Description: Extend the existing mechanism for reusing indices based on md5sums to also reuse spliced alignment information. By calculating and storing the md5sums of the plasmid and reference files, the pipeline can determine if the spliced alignment has already been performed for a given combination and reuse the existing output. This will save computational resources and time, especially for large datasets.

Tasks:

Benefits:

Related Issues:

berntpopp commented 2 months ago

Summary of the Implementation Plan:

  1. MD5 Checksum Mechanism:

    • Implement a mechanism to calculate and store MD5 checksums for files involved in the pipeline (e.g., plasmid FASTA files, indices, spliced alignments).
    • Store these checksums in a md5sum.txt file within the relevant folders to enable checking for existing results before recalculating.
  2. Reuse of Intermediate Files:

    • Extend the pipeline to reuse existing intermediate files (such as indices and spliced alignments) based on the stored MD5 checksums. This helps to avoid redundant computations, improving efficiency.
    • Intermediate files should be stored in a dedicated intermediate subfolder within the plasmid input directory. This ensures they can be reused across different runs.
  3. File Naming and Uniqueness:

    • To avoid conflicts, all intermediate files should be named based on the base names of the relevant input files (human genome, plasmid, sequencing files). This ensures that files are unique to the specific combination of inputs.
    • Update the pipeline to use this naming convention consistently for spliced alignments, indices, and other intermediate files.
  4. Avoid Redundant MD5 Calculations:

    • Skip the MD5 checksum calculation for large files like the human reference genome to avoid performance bottlenecks, as these files are unlikely to change between runs.
  5. Copying Files to Output Folder:

    • Ensure that copies of the relevant intermediate files are saved in the output folder for the current run. This makes it easier to access these files later if needed for debugging or further analysis.

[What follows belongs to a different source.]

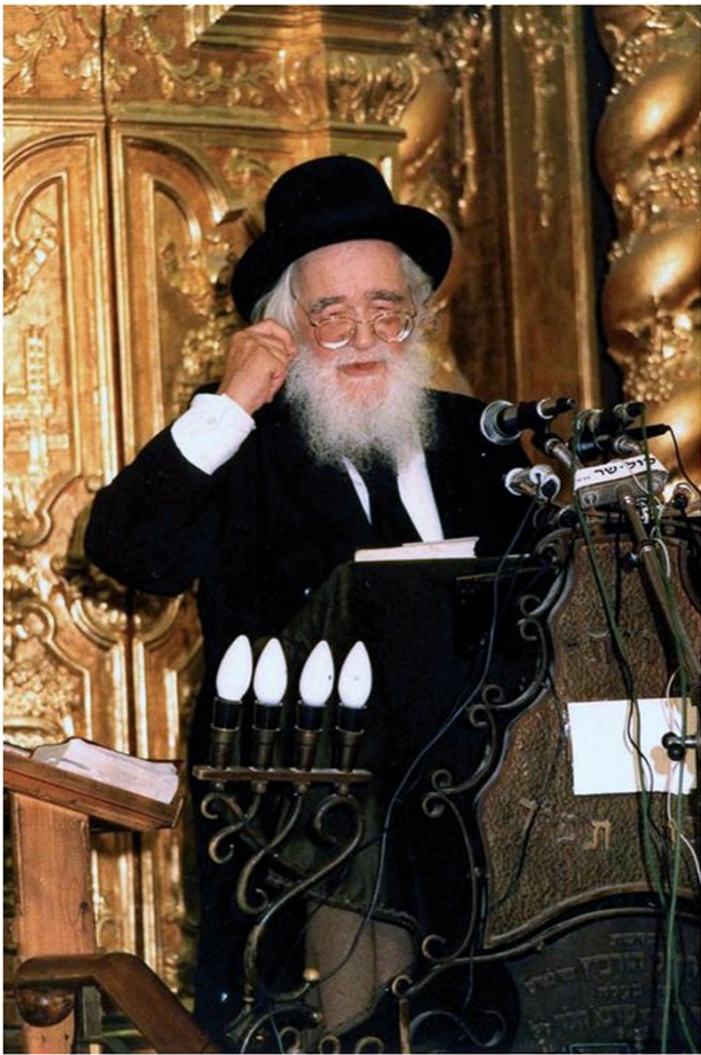
הרב שך מוסר שיעור כללי בישיבת פוניבז'

Comments on the Current Code:

  1. Pipeline Functionality:

    • The run_pipeline function now supports the reuse of intermediate files based on MD5 checksums. However, ensure that the checksums are stored and retrieved correctly for each run to maintain efficiency.
    • The plasmid_intermediate_folder is correctly used to store intermediate files, but care should be taken to avoid overwriting files unless explicitly requested.
  2. Utils Functionality:

    • The utility functions in utils.py (such as calculate_md5, write_md5sum, load_md5sum, and check_md5sum) provide the foundation for the MD5-based reuse mechanism. Ensure these functions are well-tested and handle edge cases, such as missing or corrupted files.
    • The copy_file_to_folder function ensures that intermediate files are copied to the output directory. This is essential for debugging and downstream analyses.
  3. File Naming:

    • The current implementation in run_pipeline.py uses a combination of the human reference, plasmid, and sequencing file base names to generate unique file names. This approach should work well to avoid file conflicts.

Next Steps:

  1. Testing:

    • Thoroughly test the pipeline with different combinations of inputs to ensure that the MD5-based reuse mechanism is functioning correctly. Pay attention to cases where intermediate files might be incorrectly reused or overwritten.
  2. Performance Optimization:

    • Profile the pipeline to identify any remaining bottlenecks, particularly in the handling of large files. Consider further optimizations if needed.
  3. Documentation:

    • Update the documentation to clearly explain how the MD5-based reuse mechanism works, including any caveats or limitations. Provide examples of how users can configure and run the pipeline with the new features.
  4. Feedback and Iteration:

    • Share the updated implementation with collaborators or users to gather feedback. Be prepared to make adjustments based on their experiences and suggestions.